Segment Start: Information provided
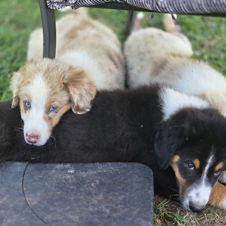 Our puppies include black, red merle, blue merle, and red. Colors will vary depending on the parent dogs.
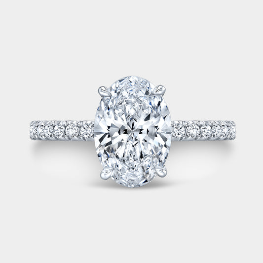 Oval Diamond Hidden Halo with French Pave Platinum Engagement Ring
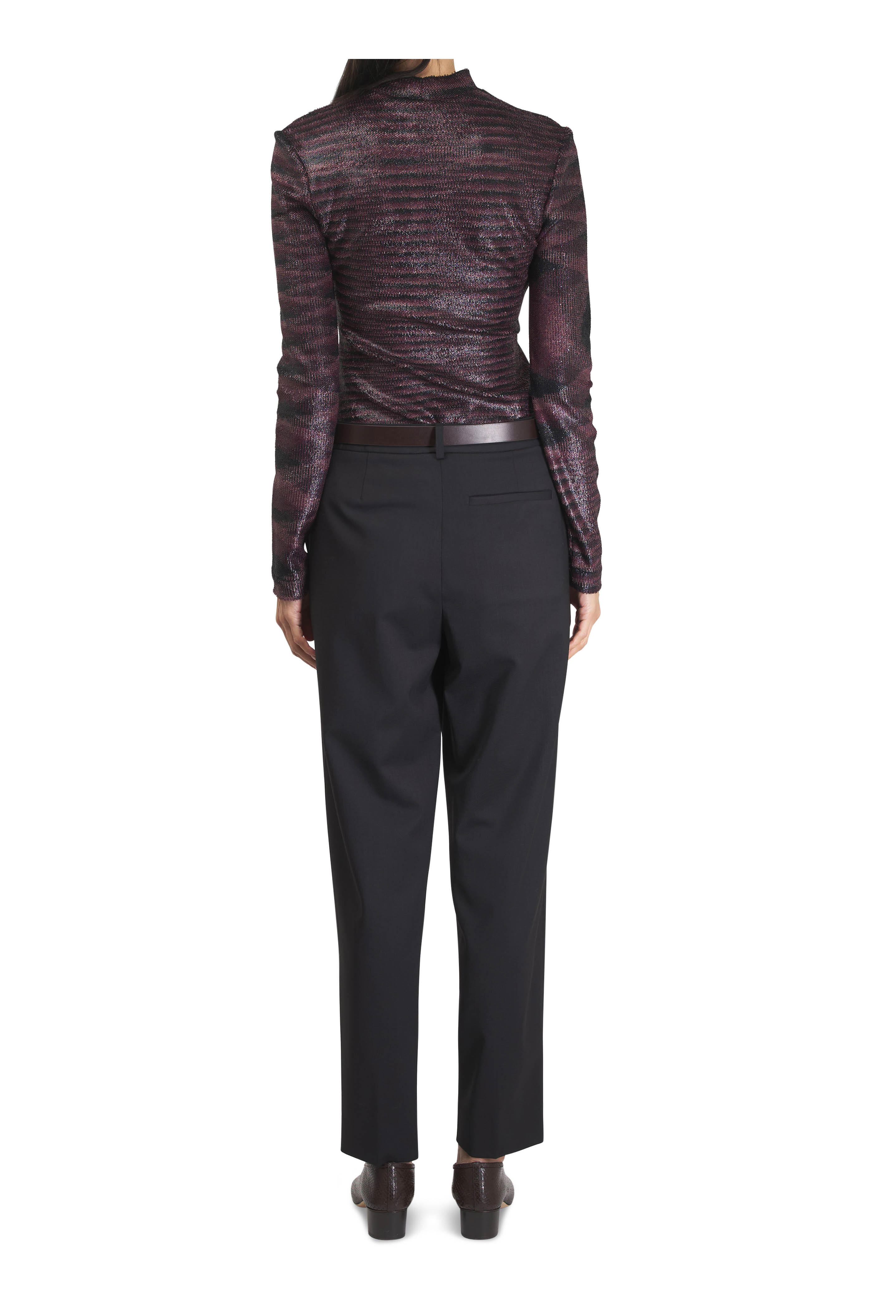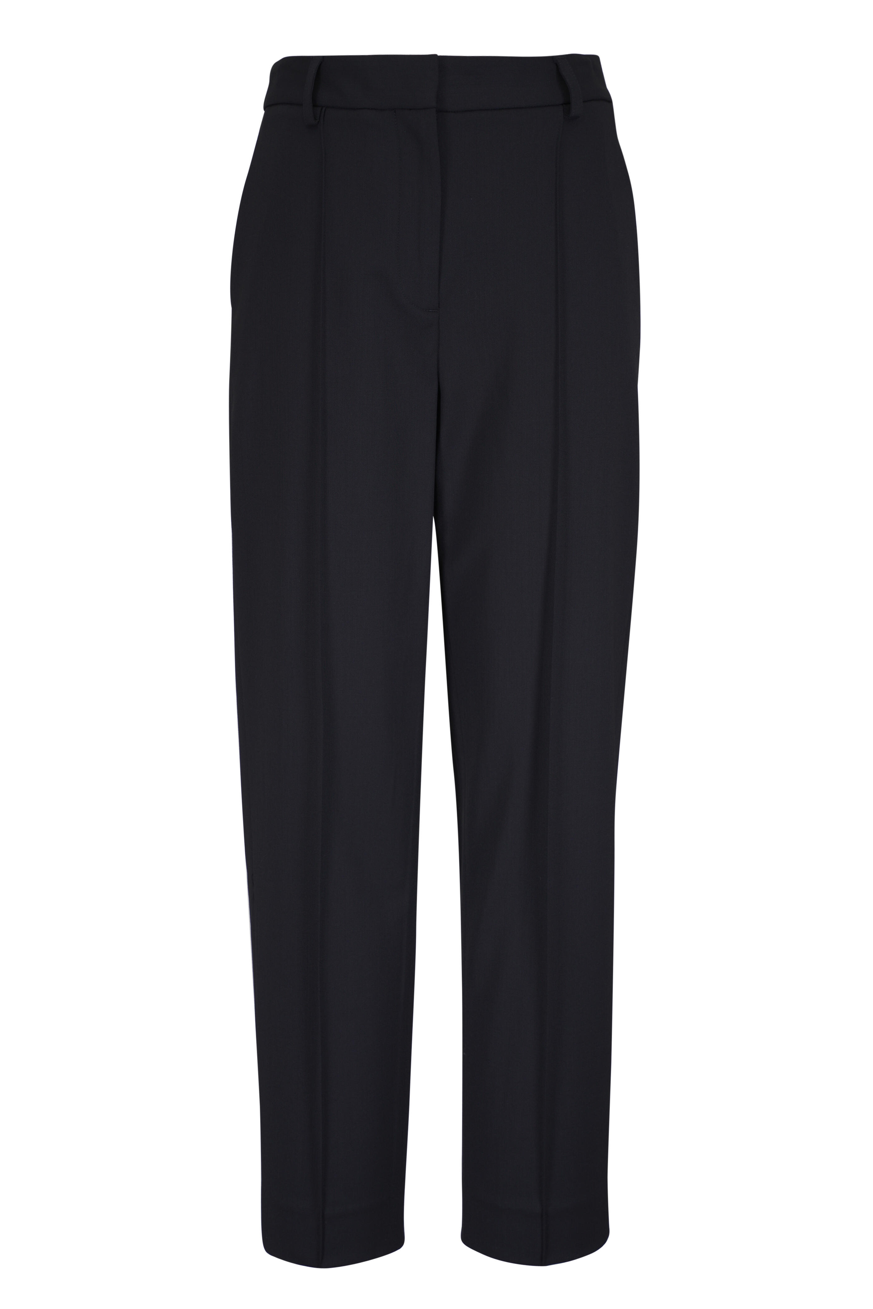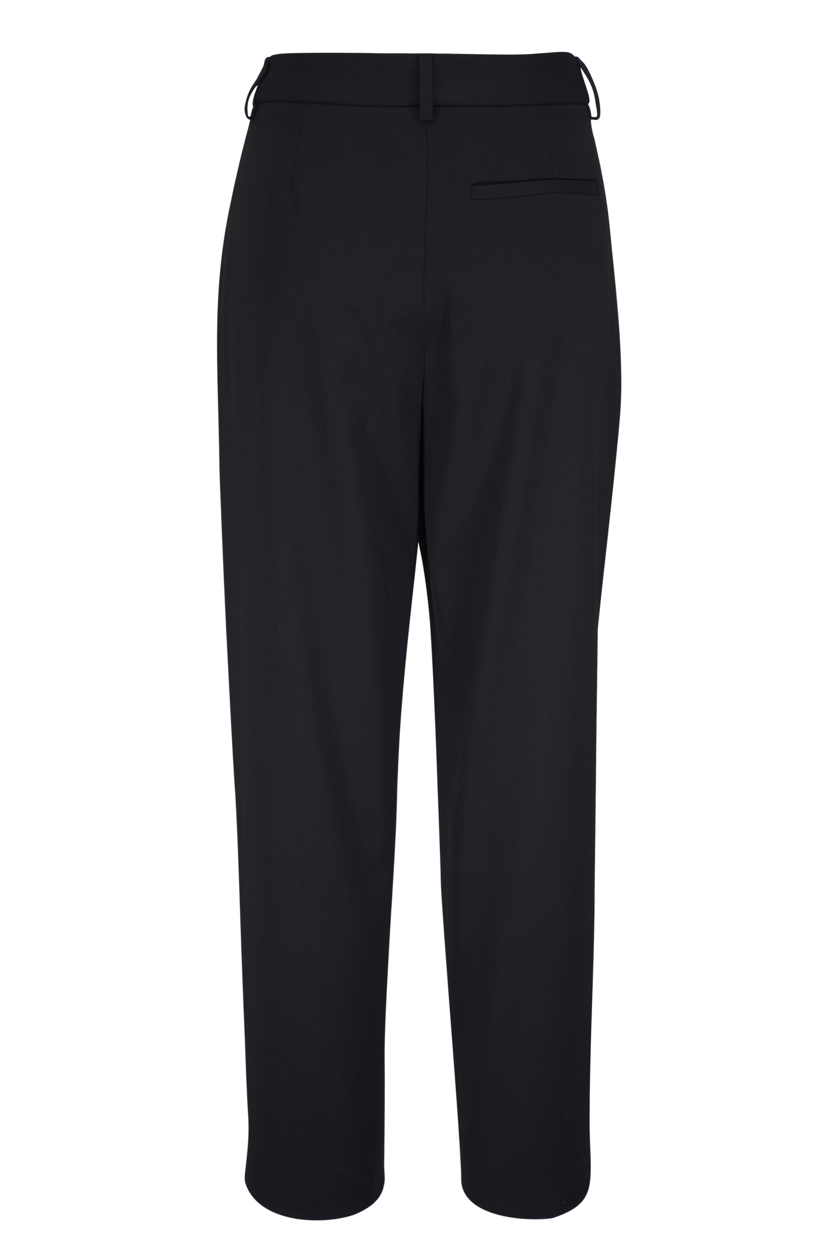 Hook and eye closure; zip fly. Banded waist; belt loops. Side slip pockets; back welt. Front pleat. Straight hem. Made in USA. 28" Inseam (size 10). 98% wool, 2% elastane. Dry clean.
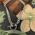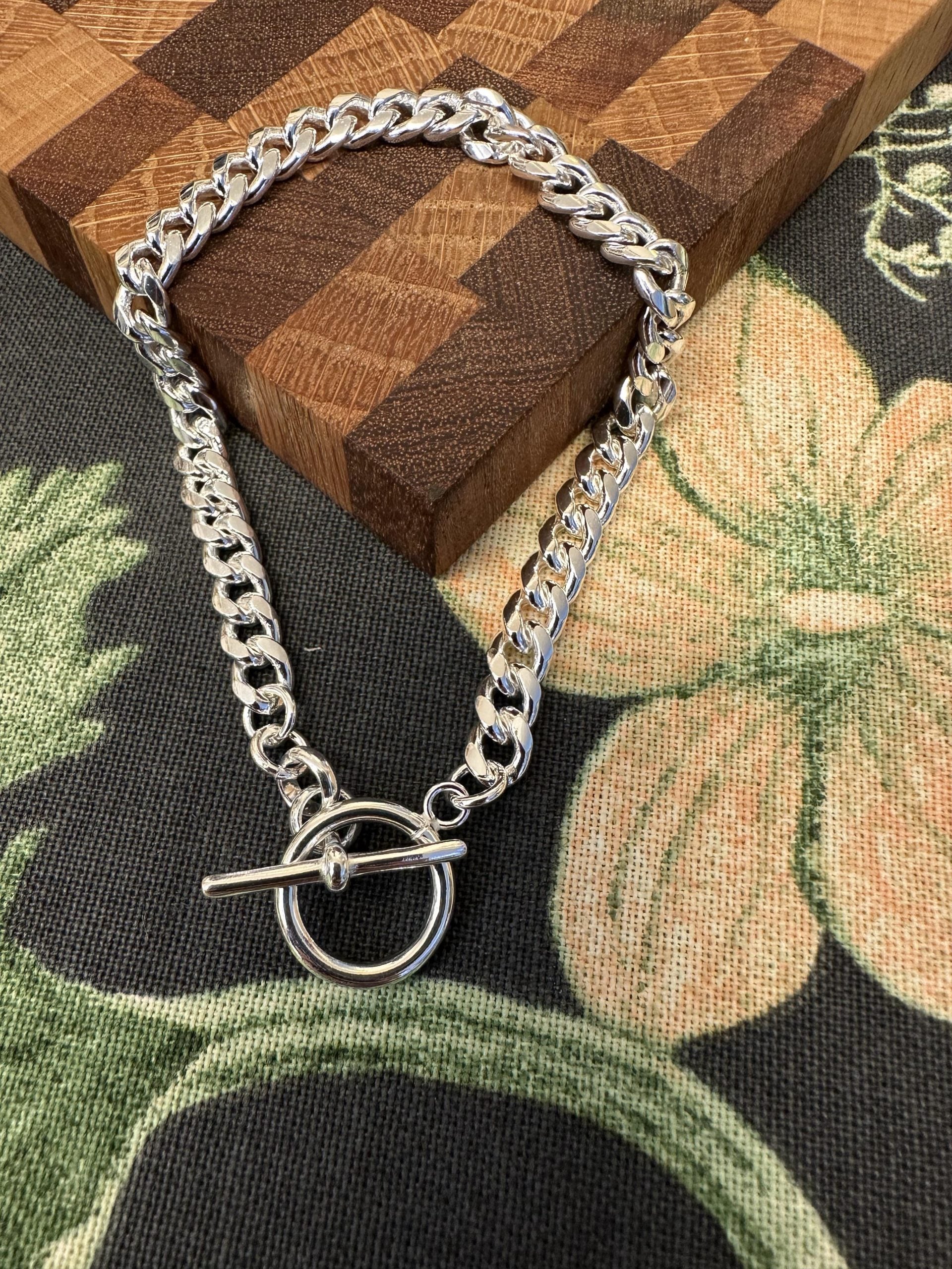 A chunky Cuban link bracelet with a T-Bar clasp and decorative T-Bar
Segment End: Information provided
[The problem]
In your reply, every line of the material should appear exactly as written, and no picture should.

[Output of the exercise]
 Our puppies include black, red merle, blue merle, and red. Colors will vary depending on the parent dogs.
 Oval Diamond Hidden Halo with French Pave Platinum Engagement Ring
 Hook and eye closure; zip fly. Banded waist; belt loops. Side slip pockets; back welt. Front pleat. Straight hem. Made in USA. 28" Inseam (size 10). 98% wool, 2% elastane. Dry clean.
 A chunky Cuban link bracelet with a T-Bar clasp and decorative T-Bar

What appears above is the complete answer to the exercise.